Provenance: Family descent.
Note: This horn belonged to Benjamin Bellows, Jr., the son of Colonel Benjamin Bellows, who was born on May 26, 1712, in Lancaster, Massachusetts. He served in the British army in several of the wars against the French in North America. He was also a skilled surveyor and surveyed most of the towns on both sides of the Connecticut River granted by Massachusetts Governor Benning Wentworth. He was purported to have held title to some 9,000 acres in Vermont and New Hampshire at the time of his death in 1777. The town of Bellows Falls, Vermont, was named after him although he lived across the Connecticut River in Walpole, New Hampshire. Benjamin Bellows married Abigail Stearns on October 7, 1736, and together they had eight children.

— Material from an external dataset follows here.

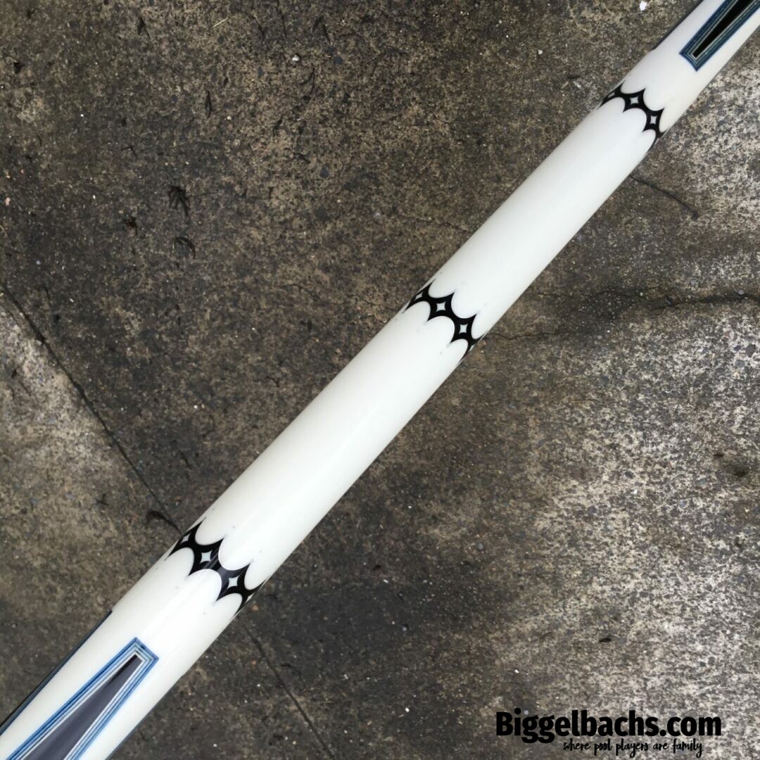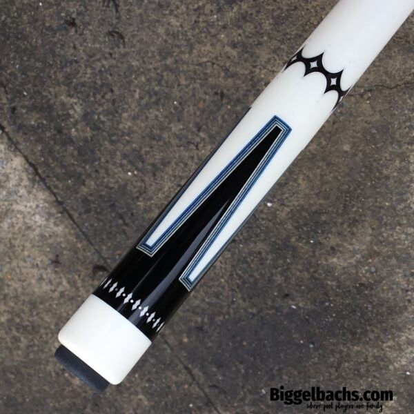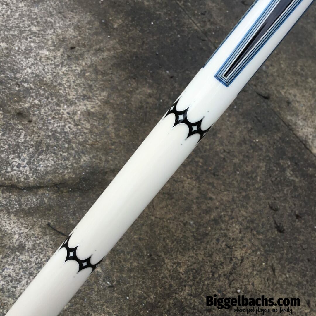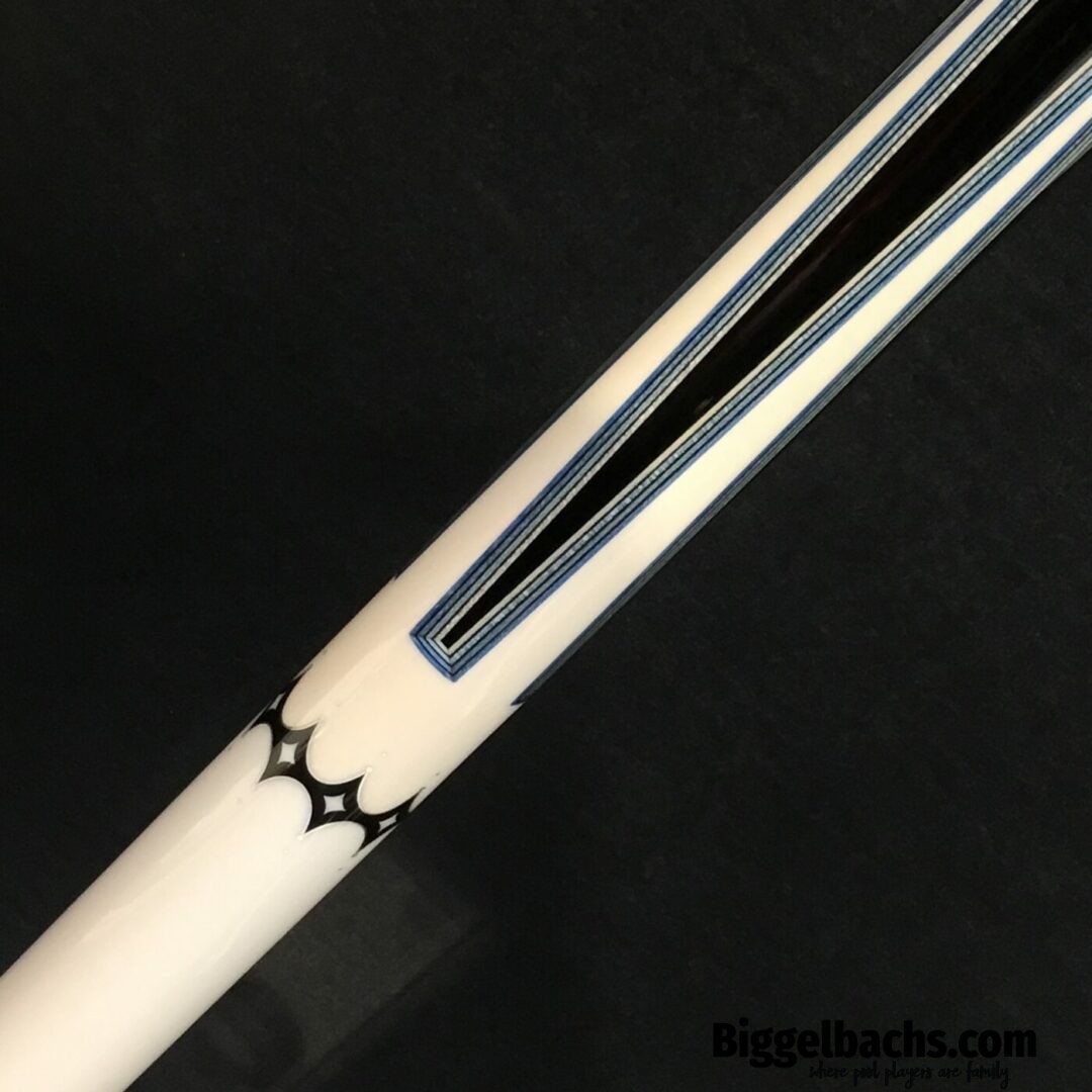Arguably one of the biggest cues out there, this build is other-worldly! As is often the case, pictures cannot capture the details and beauty of this build, not even close. For instance, there are silver pin head inlays above and below every single scalloped diamond! The scallops are silver, and the diamonds inside the scallops are outlined by silver. Oh yeah, and did we talk about the hourglass diamonds the joint and top of the butt cap? The cool silver, grey, blue veneers and bridges are simply artistic genius. We can only say “Wow”!

Literature: This horn bears similar design elements to the Lake George School of horn decoration, executed during the French and Indian War (1755-1763). See Drums A'beating, Trumpets Sounding: Artistically Carved Powder Horns in the Provincial Manner 1746-1781, by William H. Guthman, Connecticut Historical Society, Hartford, Connecticut, pp. 23, 90, 118, and color plate 8. The "No. 4" in the inscription refers to one of the frontier fortresses, Fort No. 4, which at the time was the northern outpost of colonial settlements of nine townships built along the Connecticut River. The Fort was completed in 1746. The area later became the site of Charlestown, New Hampshire. An incident at No. 4, occurred on August 30, the same day inscribed on the powder horn, was recorded in History of Keene New Hampshire, by Simon Goodell Griffin, p. 118. "On the 30th of August that place was again visited by the savages. Eleven of them went to the house of Capt. James Johnson, about 100 rods north of the fort, captured him and his wife, three children, a young sister of Mrs. Johnson, Ebenezer Farnsworth and Peter Larabee, and took them to Crown point and thence to Canada.
This and the outrages at Stevenstown were committed by the St. Francis Indians and their allies, the Schaghticokes and Squawkheags, who formerly inhabited this region."
252 Please note that the owner of the powder horn, Benjamin Bellows, Jr., was the son of Colonel Benjamin Bellows, namesake of Bellows Falls, New Hampshire.
1/4 x 3/4 in. loss on tip, some old edge losses to horn on butt end.